When faith won’t fit in the pagan pigeonhole.

by K.W. Leslie, 14 November 2018

’Cause skeptics hate it when you inform ’em you don’t believe in wishful thinking either.

When Christians define the word faith, we go with the definition found in Hebrews. “The solid basis of hope, the proof of actions we’ve not seen,” is how I usually put it. He 11.1 We haven’t seen something, but we believe it anyway—for solid reasons. Usually ’cause we’re taking someone’s word for it, like Jesus’s.

When pagans define it, they either go with wishful thinking, blind optimism, or the ability to believe imaginary things without evidence. You know, stuff we shouldn’t believe. And to be fair, some Christians do think of faith that way, ’cause they haven’t read Hebrews, or their leaders did a sucky job teaching ’em about faith. It’s not like they got their false definition from nowhere.

Yep, I read Hebrews, and my church leaders were pretty good about defining faith accurately. So when skeptical pagans start to mock faith—“Oh, you Christians only believe that rubbish because you want so bad for it to be true”—I correct ’em. Christian faith is based on evidence, not wishes. Based on the testimony of those who’ve seen stuff and shared it. 1Jn 1.1-4 Based on trustworthy, knowledgeable people, like Jesus. Based on the scriptures, which were written by such people. Wishing doesn’t make it so; wishing makes nothing so.

In Christianity, faith ultimately takes Jesus’s word for it. In the rest of life, we tend to take other people’s word for it. When reporters present the news, we take their word for it. When a dictionary, encyclopedia, or other reference work says something’s so, we take their authors’ word for it. When a scientific journal makes a claim, we take the researcher’s word for it—or we do the research ourselves and debunk ’em, but more often it’s easier to just presume they did the research properly and do take their word for it. In every last one of these areas, we’re practicing faith. ’Cause like Hebrews describes it, these are actions we’ve not seen. But we have a solid basis for believing ’em anyway.

Now. When I explain it to pagans that way, you’d think they’d respond, “Oh! That’s surprising. I didn’t realize you guys thought about faith that way. I’m still not sure I’d reach the same conclusions about God as you, but it’s good to know you put some intellectual rigor into your belief system.”

Instead it’s more like, “…No that’s not what you people mean by faith. It’s the ability to believe imaginary stuff as if it’s real. You’re trying to pull a fast one.”

And sometimes it’s outrage. “How dare you compare my trusting a scientist in any way with your religious belief in God. What I’m doing isn’t faith. Faith is a religious thing. It has nothing at all to do with what I practice.”

Either way, pagan skeptics absolutely hate our definition. They imagine they have religion all sorted out.

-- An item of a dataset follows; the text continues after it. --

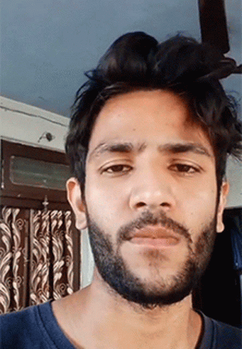 Контентын тайлбар: a man with a beard is wearing a blue shirt and looking at the camera
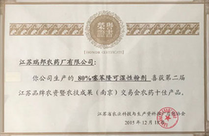 歷經二十年的發展,公司的綜合實力不斷壯大,先進生產裝備與智能制造造就的產品高品質,不斷助推公司健康、持續、穩速發展,公司先后榮膺“如東縣50強企業”、“中國農藥銷售百強企業”、“高新技術企業”、“江蘇省除草劑類環保型農藥工程技術研究中心”稱號,被連續任命為中國農藥工業協會第十屆理事單位。

When they’re told otherwise, they lose their cool: Their worldview is based on the idea faith is purely a religious practice—and a dumb one—which has nothing whatsoever to do with the real, material world of facts, evidence, logic, science, and reason. Faith is for the religious; they’re not religious; ergo they don’t do faith. Period. Don’t you dare use the F-word on them.

Why does it freak ’em out so much? Well they‘re gonna hate this explanation too: They’re really fond of the idea religion is intellectually pathetic. Makes ’em feel good about themselves for being irreligious. Finding out they’re wrong—that they never made the effort to find out what religion actually has in it; that their dismissive attitudes are actually based on prejudice and presumption—shakes their faith in their skepticism. Getting your faith shaken tends to freak anyone out, Christian or not.

Yep, I used the F-word to describe ’em again. Hey, if the word fits.